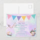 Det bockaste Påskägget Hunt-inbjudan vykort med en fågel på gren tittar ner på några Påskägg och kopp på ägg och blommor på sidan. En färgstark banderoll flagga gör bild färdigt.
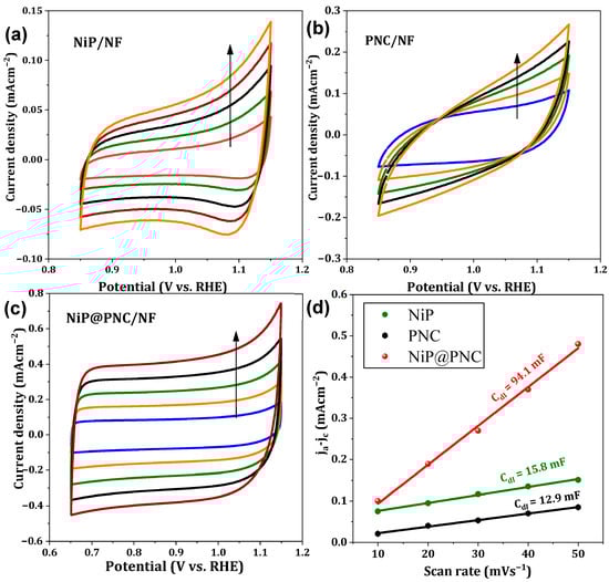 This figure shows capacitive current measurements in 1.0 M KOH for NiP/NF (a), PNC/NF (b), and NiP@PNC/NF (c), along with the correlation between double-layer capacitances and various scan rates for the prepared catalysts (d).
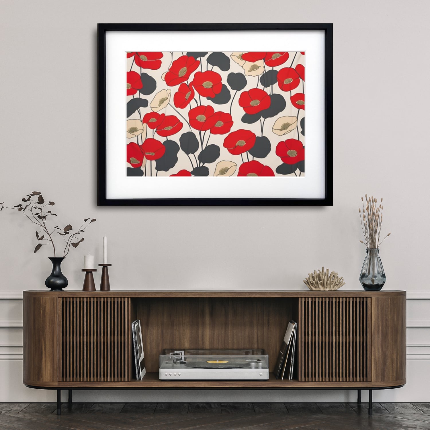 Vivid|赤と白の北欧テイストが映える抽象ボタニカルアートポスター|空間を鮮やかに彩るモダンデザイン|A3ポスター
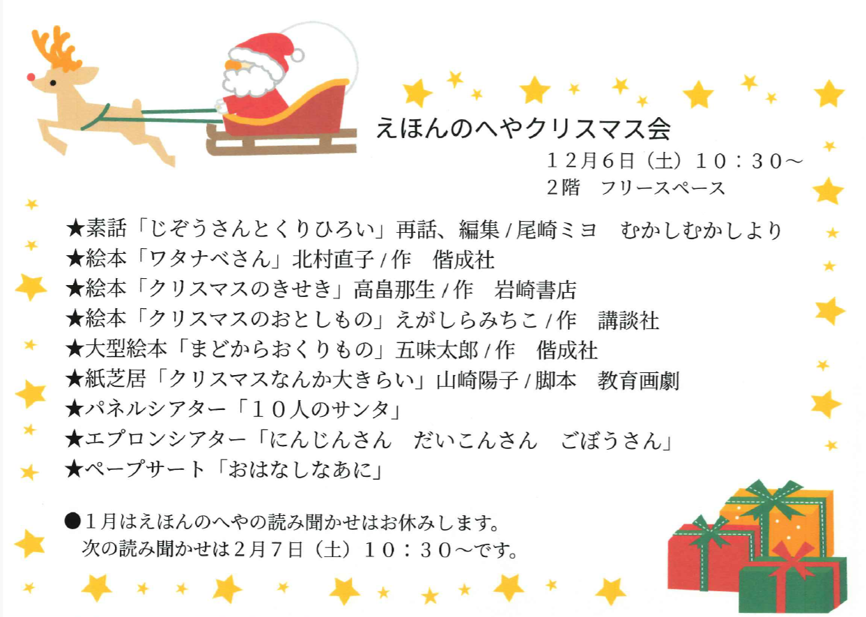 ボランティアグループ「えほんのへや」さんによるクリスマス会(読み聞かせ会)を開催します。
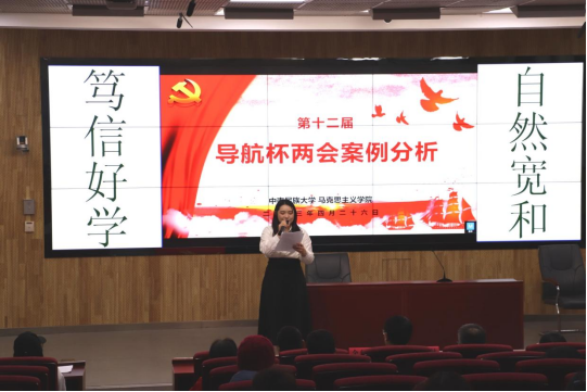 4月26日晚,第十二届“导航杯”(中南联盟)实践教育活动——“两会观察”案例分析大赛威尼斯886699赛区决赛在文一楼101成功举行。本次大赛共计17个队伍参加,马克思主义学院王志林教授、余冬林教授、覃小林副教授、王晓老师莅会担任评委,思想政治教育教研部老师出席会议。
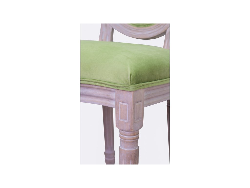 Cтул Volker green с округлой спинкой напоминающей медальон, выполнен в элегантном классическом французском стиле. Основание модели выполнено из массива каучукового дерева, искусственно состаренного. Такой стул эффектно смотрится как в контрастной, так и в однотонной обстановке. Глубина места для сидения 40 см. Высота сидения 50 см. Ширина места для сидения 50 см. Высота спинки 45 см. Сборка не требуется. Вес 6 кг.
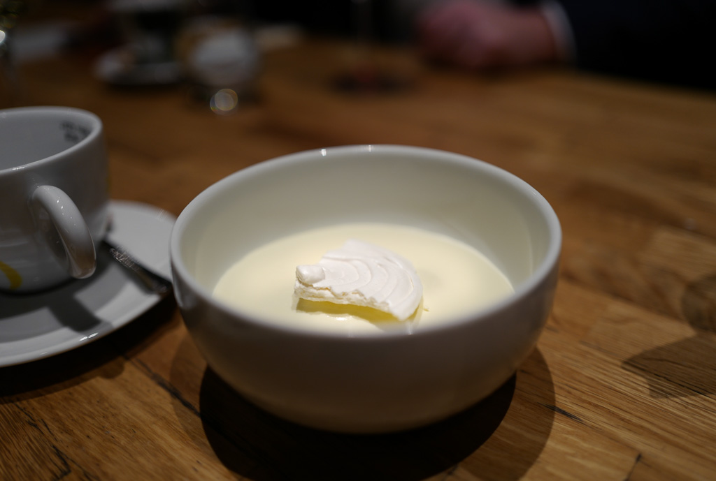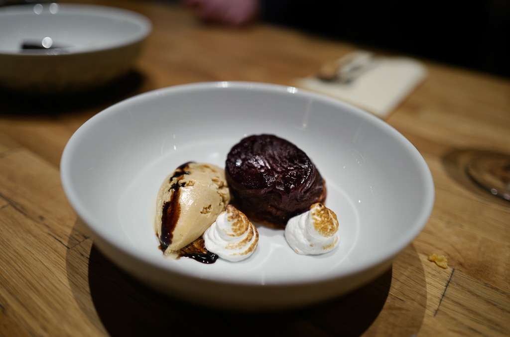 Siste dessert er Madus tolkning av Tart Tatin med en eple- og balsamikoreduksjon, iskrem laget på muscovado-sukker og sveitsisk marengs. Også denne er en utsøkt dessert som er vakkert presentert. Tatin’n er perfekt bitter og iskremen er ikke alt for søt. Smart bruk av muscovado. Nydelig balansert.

..............................

Work order — Exactly and only the lines from the top of the records down to the line containing "Cтул Volker green" should be transcribed, please, without the pictures.

Response to the exercise —
 Det bockaste Påskägget Hunt-inbjudan vykort med en fågel på gren tittar ner på några Påskägg och kopp på ägg och blommor på sidan. En färgstark banderoll flagga gör bild färdigt.
 This figure shows capacitive current measurements in 1.0 M KOH for NiP/NF (a), PNC/NF (b), and NiP@PNC/NF (c), along with the correlation between double-layer capacitances and various scan rates for the prepared catalysts (d).
 Vivid|赤と白の北欧テイストが映える抽象ボタニカルアートポスター|空間を鮮やかに彩るモダンデザイン|A3ポスター
 ボランティアグループ「えほんのへや」さんによるクリスマス会(読み聞かせ会)を開催します。
 4月26日晚,第十二届“导航杯”(中南联盟)实践教育活动——“两会观察”案例分析大赛威尼斯886699赛区决赛在文一楼101成功举行。本次大赛共计17个队伍参加,马克思主义学院王志林教授、余冬林教授、覃小林副教授、王晓老师莅会担任评委,思想政治教育教研部老师出席会议。
 Cтул Volker green с округлой спинкой напоминающей медальон, выполнен в элегантном классическом французском стиле. Основание модели выполнено из массива каучукового дерева, искусственно состаренного. Такой стул эффектно смотрится как в контрастной, так и в однотонной обстановке. Глубина места для сидения 40 см. Высота сидения 50 см. Ширина места для сидения 50 см. Высота спинки 45 см. Сборка не требуется. Вес 6 кг.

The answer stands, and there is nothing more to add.